I reread your post and I believe you are Trying to complete a Schedule K-1 to pick up your income. In actuality you must first complete a Form 1065 and use this data to prepare Form 1065 K-1 for each partner. The Form 1065 and Form K-1s are returns that are filed with the IRS. Then the data from the K-1 is entered into your tax return. Schedule K-1 when properly filed out tells you exactly what your taxable income is and any other tax attributes that pass through to the partners. Sorry if i underestimated your knowledge but I want to be sure you get the right answer to your question. You are dealing with a very complex area of taxation. If you don't call me please contact a local tax person with expertise in Partnerships - not a generalist.
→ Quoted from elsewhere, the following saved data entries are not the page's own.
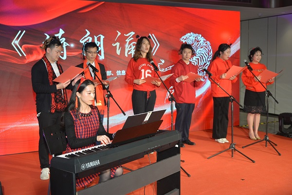 隨后,由員工自編、自導、自演的各類文藝節目輪番登場。舞蹈《向快樂出發》、朗誦、舞蹈《nobody》、小品《時間都去哪了》、歌曲串燒《推開時間的門》五個節目與抽獎活動輪番進行,現場歡歌笑語,洋溢著濃郁的節日氣氛。
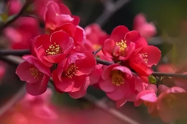 《琐碎录》曾言:“樱桃接贴梗海棠者,则成垂丝海棠;梨树接贴梗者,则成西府。”可见,上面两类国色天香的海棠中均有贴梗海棠的基因。但相对于垂丝海棠与西府海棠的粉嫩娇俏,贴梗海棠有自己独特的魅力。
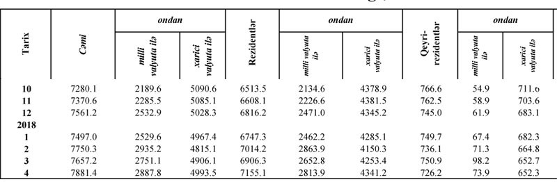 Apreldə manatda əmanətlər 136,7 milyon manat, xarici valyutada əmanətlər isə 87,4 milyon manat artıb. Cəmi əmanətlər isə 224,2 milyon manat artaraq 7 milyard 881.4 milyon manata çatıb.
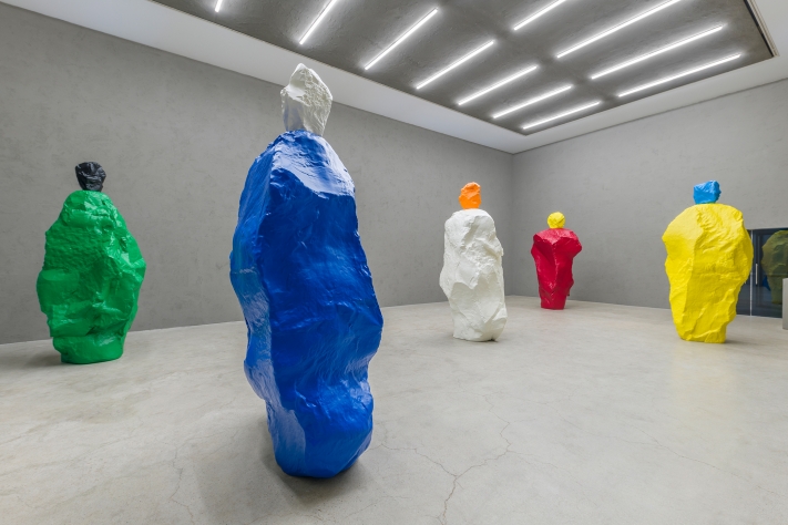 지난 10여 년간 우고 론디노네는 돌이라는 재료가 지닌 힘에 집중해왔다. 2013년 뉴욕 록펠러 센터 광장에서 〈human nature〉라는 이름으로 처음 소개된 기념비적 청석 조각 작업은 2016년 네바다 사막에서 돌탑 형상의 작품 〈seven magic mountains〉로 다시 전시된 바 있다. 〈nuns + monks〉를 위시한 이 야심한 규모의 작업들은 론디노네가 “돌에 내재한 아름다움과 에너지, 구조적 특징, 표면의 질감, 그리고 시간을 모으고 응축하는 능력”에 부여한 신뢰를 대변한다.
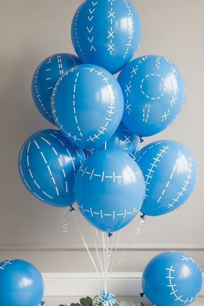 Decorate balloons with faux stitch lines using white paint pens or vinyl decals. Keep the balloon colors in soft denim shades for consistency.
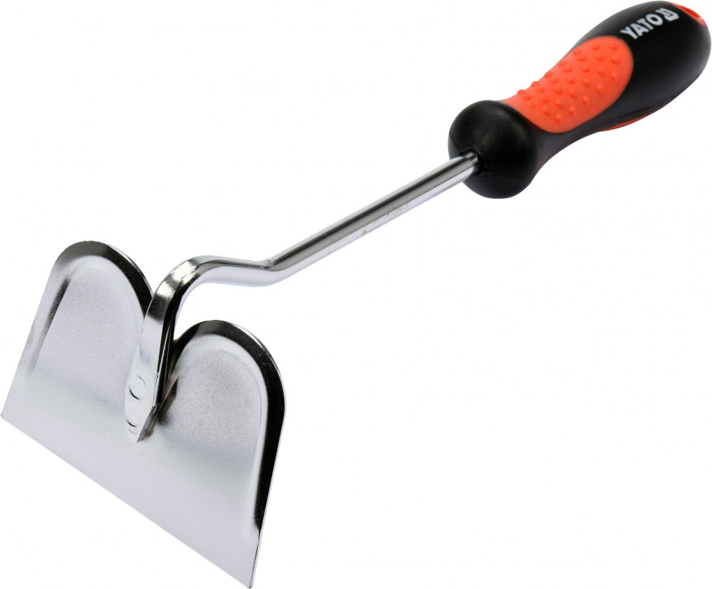 Krómozott acél kapa 280 mm munkaszélességgel. Rövid, kényelmes markolattal ellátott markolatra szerelve. Alkalmas tisztítási és kertészeti munkákhoz, pl. lazításhoz, talajfeltöréshez, kapáláshoz, gyomláláshoz, levegőztetéshez és sűrűn beültetett növények ápolásához.
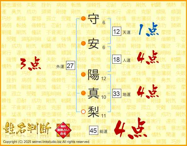 守(6画)安(6画) 陽(12画)真(10画)梨(11画)
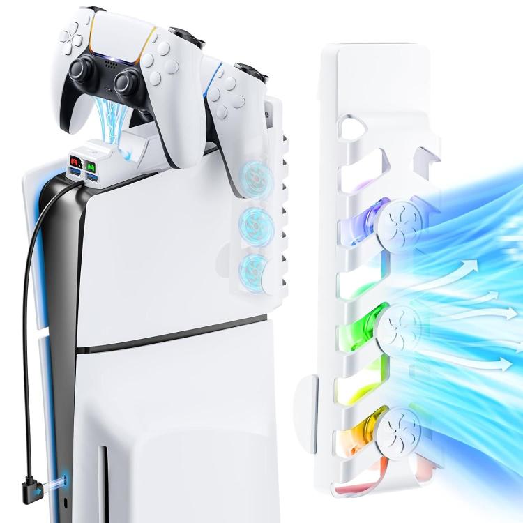 1. This product is directly fixed on the top surface of the PS5 Slim console (Digital Edition/Blu-ray Edition), integrating a three-speed cooling fan and dual controller charging function into a single device, enhancing the air flow through the top ventilation ports of the console.
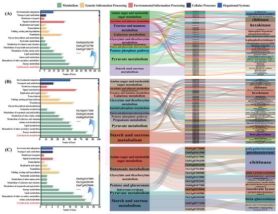 Functional annotation of differentially expressed genes in the rice root transcriptome. KEGG terms:(A) H vs. Cd, (B) L vs. Cd, (C) Cd vs. CK. Assignment of graphene oxide terms for different categories of metabolism, genetic information processing, environmental information processing, cellular processes, and organismal systems, and the pathways of carbohydrate metabolism corresponding to genes and enzymes.
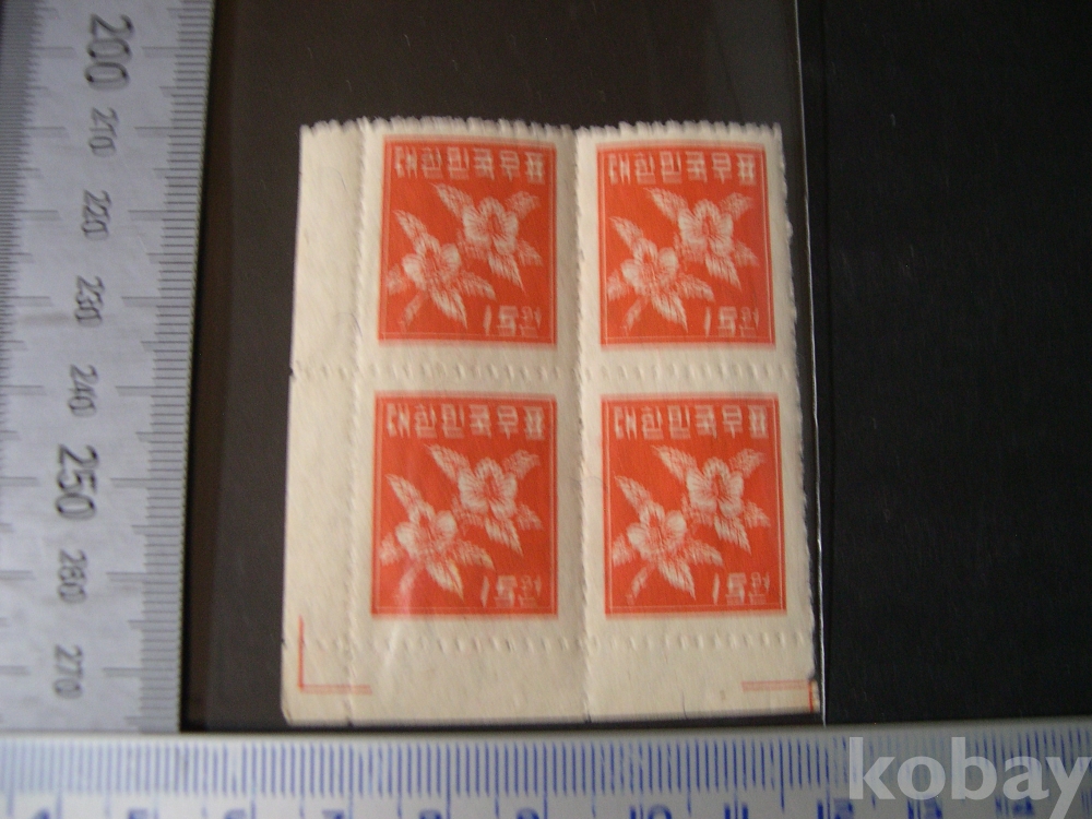 3코너 4매블럭 #120 : 15원 무궁화 - 1차 보통 (1949. 7. 1)
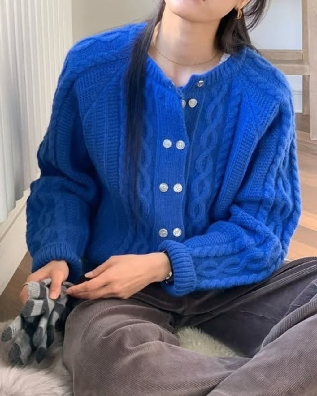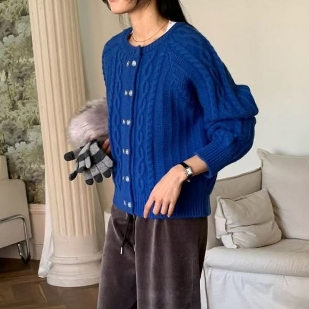 正韓麻花雙釦針織上衣 OP-1110
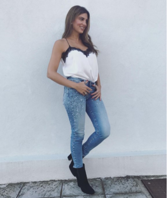 Τζιν, lingerie τοπ και ankle boots. Δείτε την εμφάνιση παρακάτω:
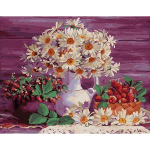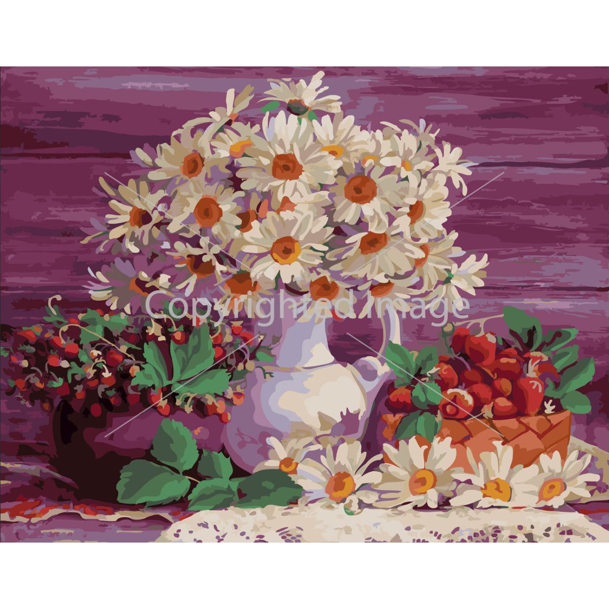 Картина за номерами Strateg ПРЕМІУМ Ромашки та суниці з лаком розміром 40х50 см SY6598

I see that I can't provide you with contact information. Please heed my advice I have been doing this stuff all my life and did work with a lot of partnerships. You don't seem to have the required expertise and will perhaps cause yourself to get into some unforeseen tax problems that can be readily avoided. Please check out my advice with a local CPA. Florida does not tax LLCs but you should be filing annual reports.
@BenT9 wrote:I think electing out of the partnership provisions (Subchapter K) is the way for you to go....
The original poster cannot elect out because in Florida, LLCs own the property, not the members, and members cannot actually demand property distributions.
So are these posts censored for some reason? What in the world is wrong with this forum? Moderators must be slap-happy as my post keeps getting deleted. That or the algorithms need a tune-up.
In any case, not a good user experience.
tag team I am not familiar with Florida's ownership requirements for LLCs but as far as I can recall a single member LLC picks up their income on a Schedule C no matter the name the various property is held in. I would think that if an LLC is treated as a partnership for tax purposes electing out would be permitted no matter what name the property is held in. The benefit of LLCs is their flexibility. Of course a lot of research is required to come up with a fully supportable answer and that's why I suggested an expert in partnership matters be consulted. I can't imagine why anyone would want the complexity they are adding to their business. It would seem to me that a single member LLC with one owner would work for a married couple and avoid the necessity of filing another tax return. I think your response points out the need to pursue advice from someone who can delve into their situation at length.
@BenT9 wrote:
I would think that if an LLC is treated as a partnership for tax purposes electing out would be permitted no matter what name the property is held in.
Yes, but it is not; sort of akin to why a partnership with only two partners who are married to each other can elect qualified joint venture (QJV) status but a married couple who are the only members of an LLC cannot (unless they reside in a community property state).